The most important role progesterone plays in females is to transform the mucous membrane of the uterus from the proliferation to the secretion phase and therefore to prepare the uterus for the implantation of an eventually fertilized ovum. Progesterone is also responsible for maintaining early pregnancy.
Regarding the physiological role of progesterone, the main indication for assessing its concentration is the dysregulation in females in puberty, in the premenopausal and the perimenopausal phases. There are some other indications for the measurement of progesterone like control of early pregnancy, evaluation of some ovarian neoplasms etc
There will be no implantation of the ovum in the endometrium of the uterus if the progesterone concentration is too low. It is much more common that the progesterone level will be within the normal range but the shape of the progesterone curve during the cycle is irregular; there may be a shortened luteal phase because of an early degeneration of the corpus luteum. Degeneration may also present with a profile with a premature luteinisation. On the other hand, beginning the luteinisation too late after ovulation may result in an insufficient preparation of the mucous membrane for implantation.

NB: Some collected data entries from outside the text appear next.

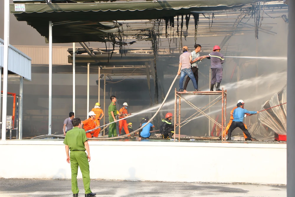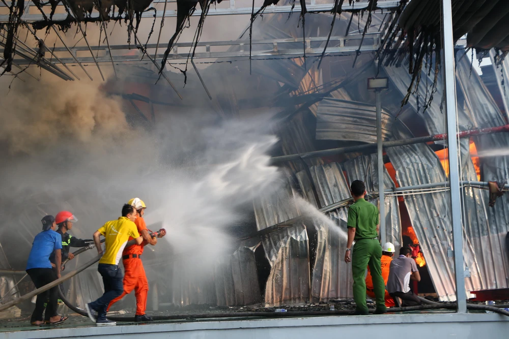 Lực lượng chữa cháy tại chỗ cùng lực lượng chữa cháy chuyên nghiệp nỗ lực khống chế ngọn lửa.
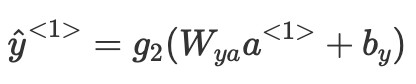 다음으로 첫번째 단어의 예측 y^<1>은 다음과 같이 구할 수 있다.
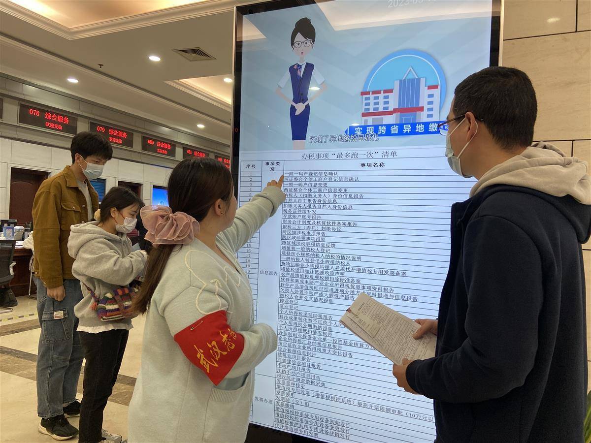 “作为新开办企业,本来正在为如何使用税务Ukey发愁,税收志愿者手把手辅导我们,真是太贴心了。”武汉利欣辰安装工程有限公司的办税人员张菊在“税收志愿者”王婷的帮助下顺利掌握了操作流程。王婷正在人群中向办税群众讲解2023年“便民办税春风行动”第四批便民服务举措及办税事项“最多跑一次”清单。
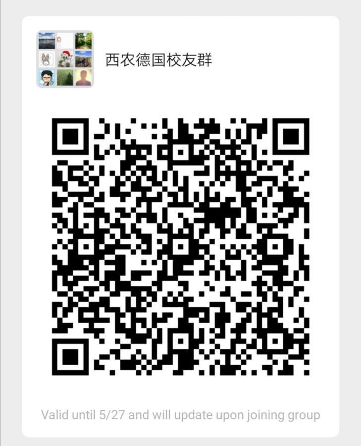 校友们好,西北农林科技大学德国校友们建了一个群,方便大家交流,为母校争光。 如果qr code过期了可以加我的微信,拉你进群。微信账号和发帖号是一样的 ![]() Screenshot_20200520_114857.jpg |
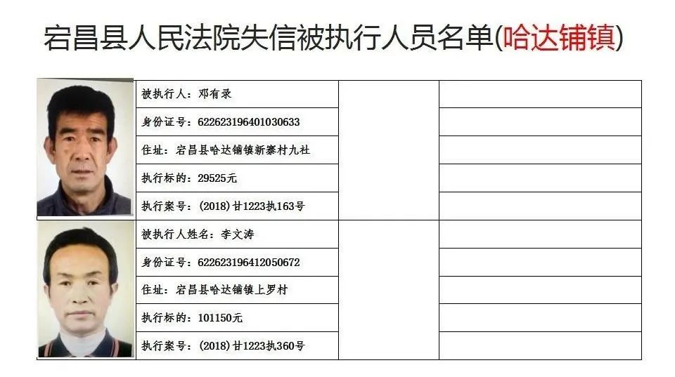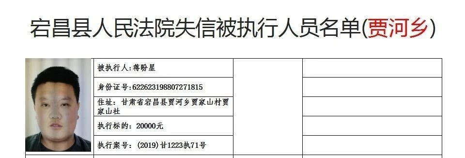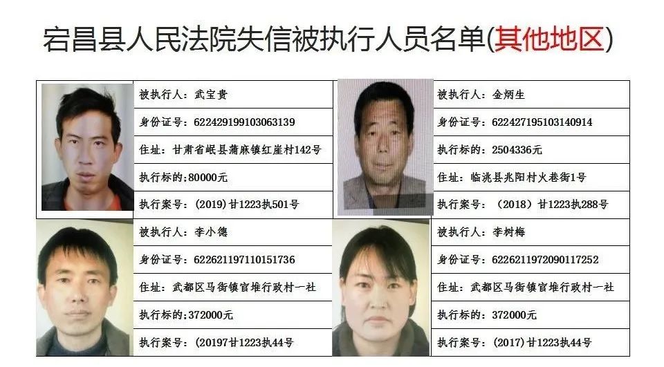 - 2021-08-03甘肃公布6名失信被执行人,姓名+高清照+金额被曝光!
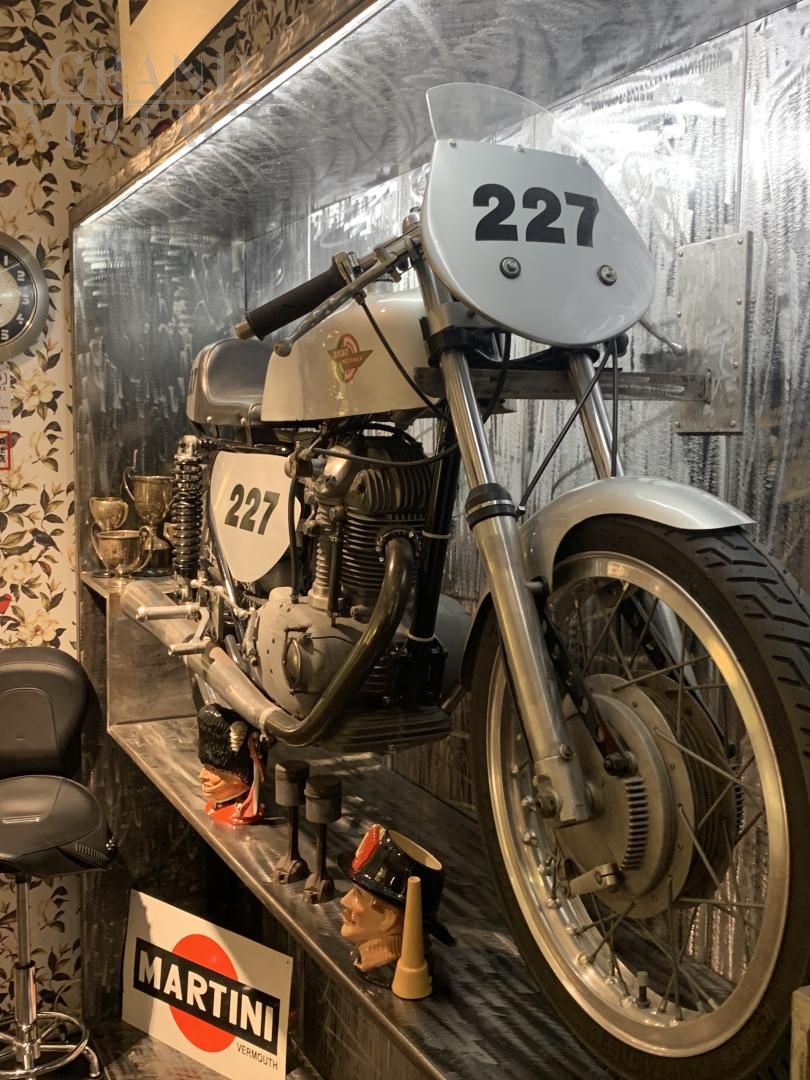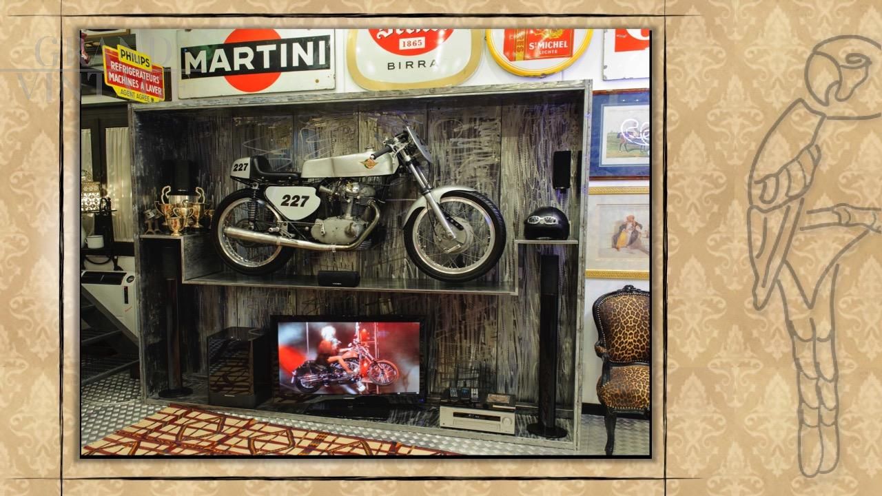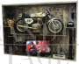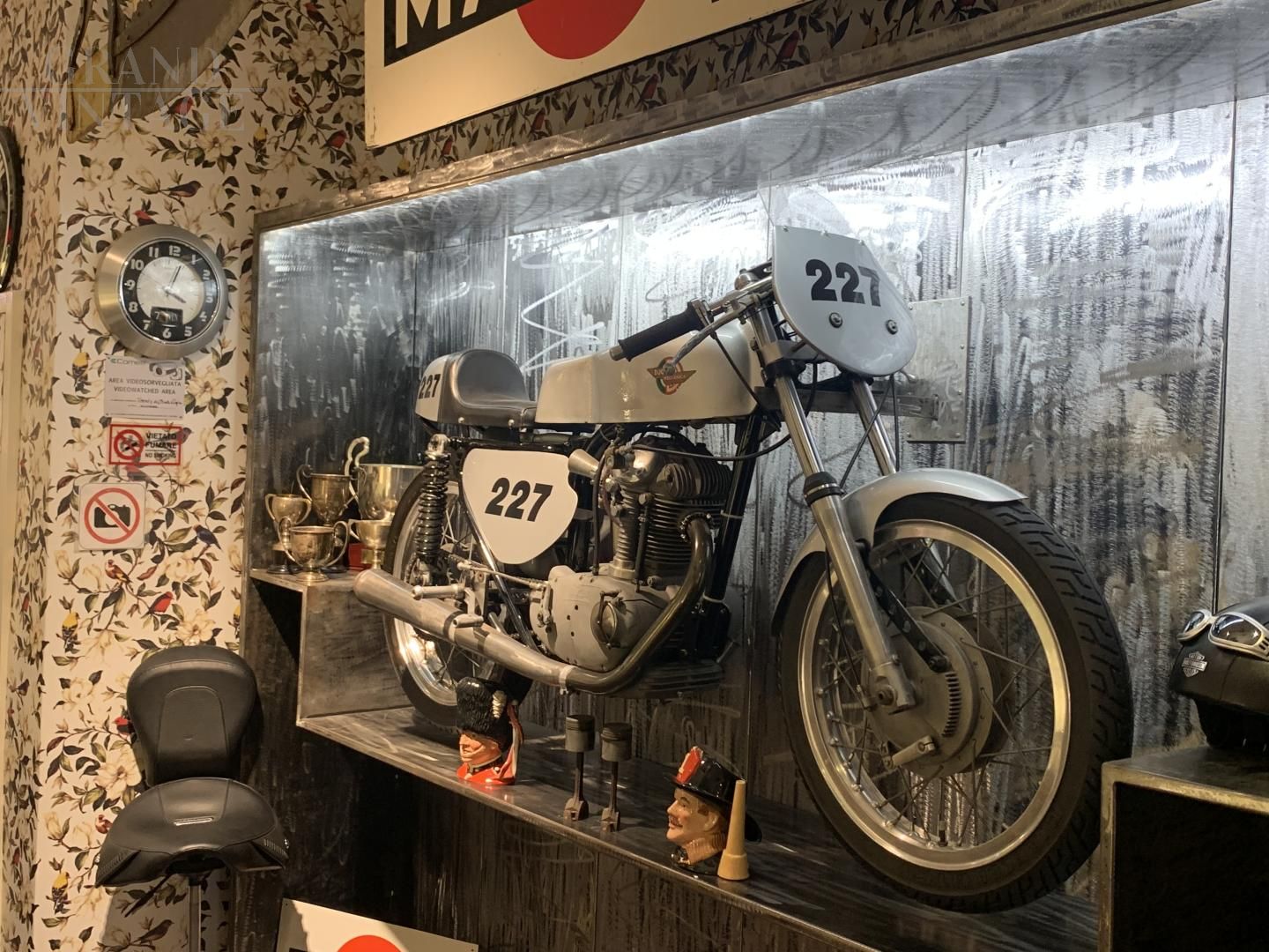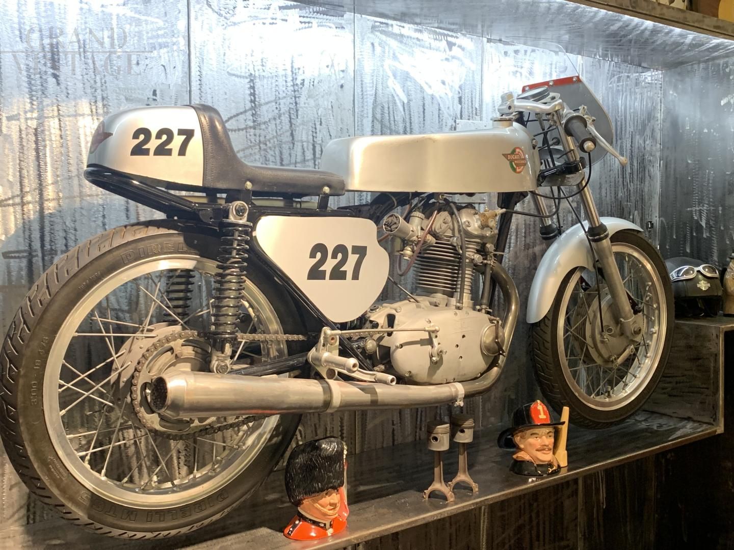 Workshop style metal bookcase with Ducati Meccanica Bologna track motorbike model 175 ss / r 250 cc. 1968 complete with documents from the Italian Historical Register F.M.I. Very impactful and CULT object.
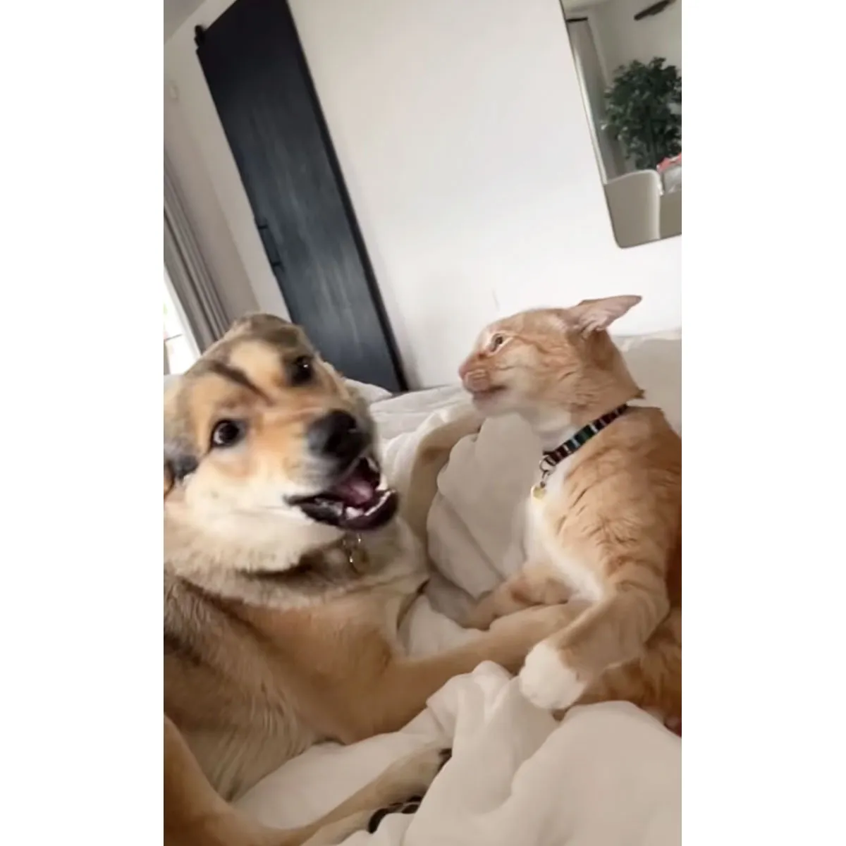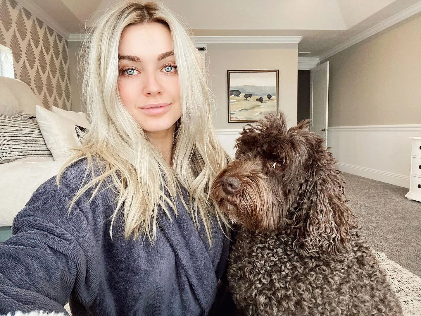 “My three forever Valentines 🖤,” Johnson wrote when she shared a sweet February 2022 Instagram snap of her husband and the dogs lounging in bed.
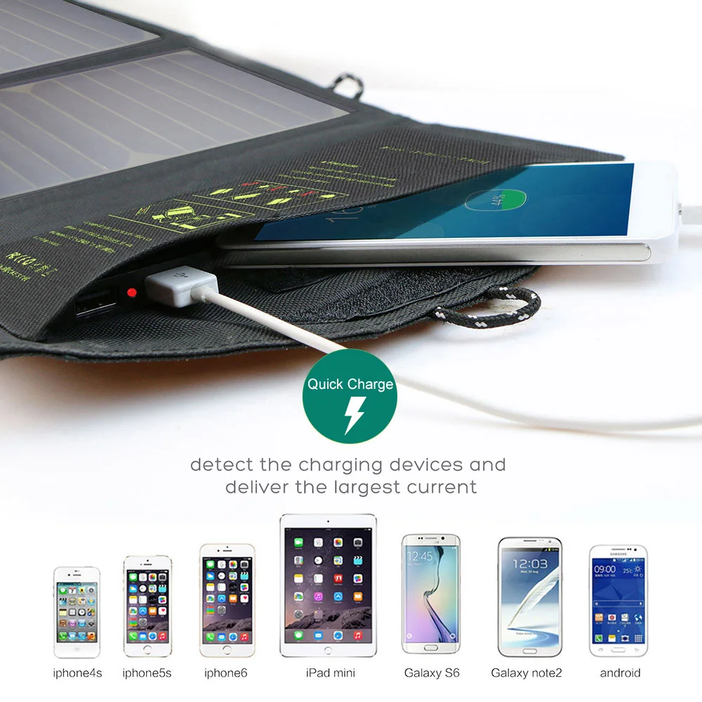 ▶【Высокоэффективный солнечный элемент премиум-класса SUNPOWER 】 солнечный элемент премиум-класса является лучшим из серии SUNPOWER, высокой эффективностью до 25% и длительным сроком службы. Он имеет лучшую намного производительность, чем другие обычные моносолнечные элементы на рынке. ▶【Два выходных порта USB 】 в него встроены 2 выходных порта USB, которые могут заряжать 2 устройства одновременно. Вы можете заряжать 2 мобильных телефона или 1 мобильный телефон одновременно, что поможет вам сэкономить много времени. ▶【Передовая технология интеллектуальной зарядки】 она может обновляться при зарядке различных устройств и обеспечивать максимальную мощность для устройств быстрой зарядки. Интеллектуальная микросхема автоматически отключит зарядку, чтобы предотвратить перезарядку. ▶【Светильник и портативный】 вес очень светильник, складная конструкция позволяет легко носить с собой для активного отдыха, Бесплатные Подарочные карабины помогут вам носить его на рюкзаке, чтобы освободить руки. ▶【Широко совместимая зарядка многих устройства】 он может заряжать не только различные мобильные телефоны, такие как iPhone iPad Tablet Samsung Huawei Xiaomi OnePlus OPPO Vivo Sony HTC и т. д., но также может заряжать внешний аккумулятор телефона, наушники, наушники, динамик Bluetooth и другие устройства.
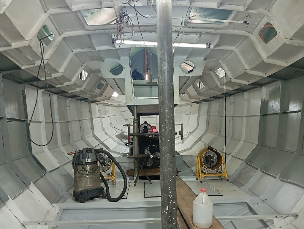 La coque est entièrement soudée, à l'intérieur comme à l'extérieur.
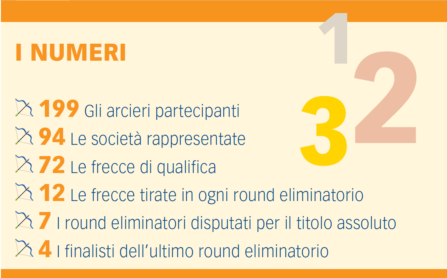 Hanno invece disputato i round eliminatori a parte gli atleti della categoria allievi, che tiravano alla distanza di 40 metri e gli arcieri della categoria ragazzi, che tiravano a 25 metri.
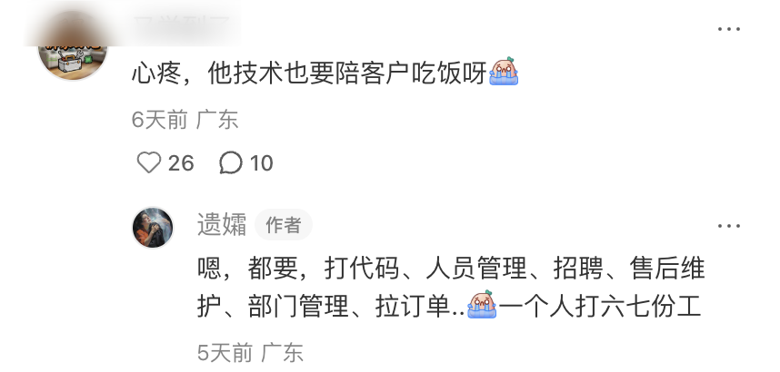 又刷了高广辉妻子的帖子。她在留言区回复网友时,多次透露丈夫身兼数职,公司不给加人手。

The assessment of salivary progesterone (and oestradiol) is also appropriate to differentiate between conception and non-conception cycles in women. Whereas the oestradiol peak just before ovulation is similar in both kinds of cycles, the progesterone concentration decreases in non-conception cycles (about 7 days following ovulation). In conception cycles a further increase can be observed.
To assess a complete progesterone profile during a cycle, repeated samples have to be taken. This might be inconvenient for patients if blood samples are taken. Therefore saliva collection represents a good alternative.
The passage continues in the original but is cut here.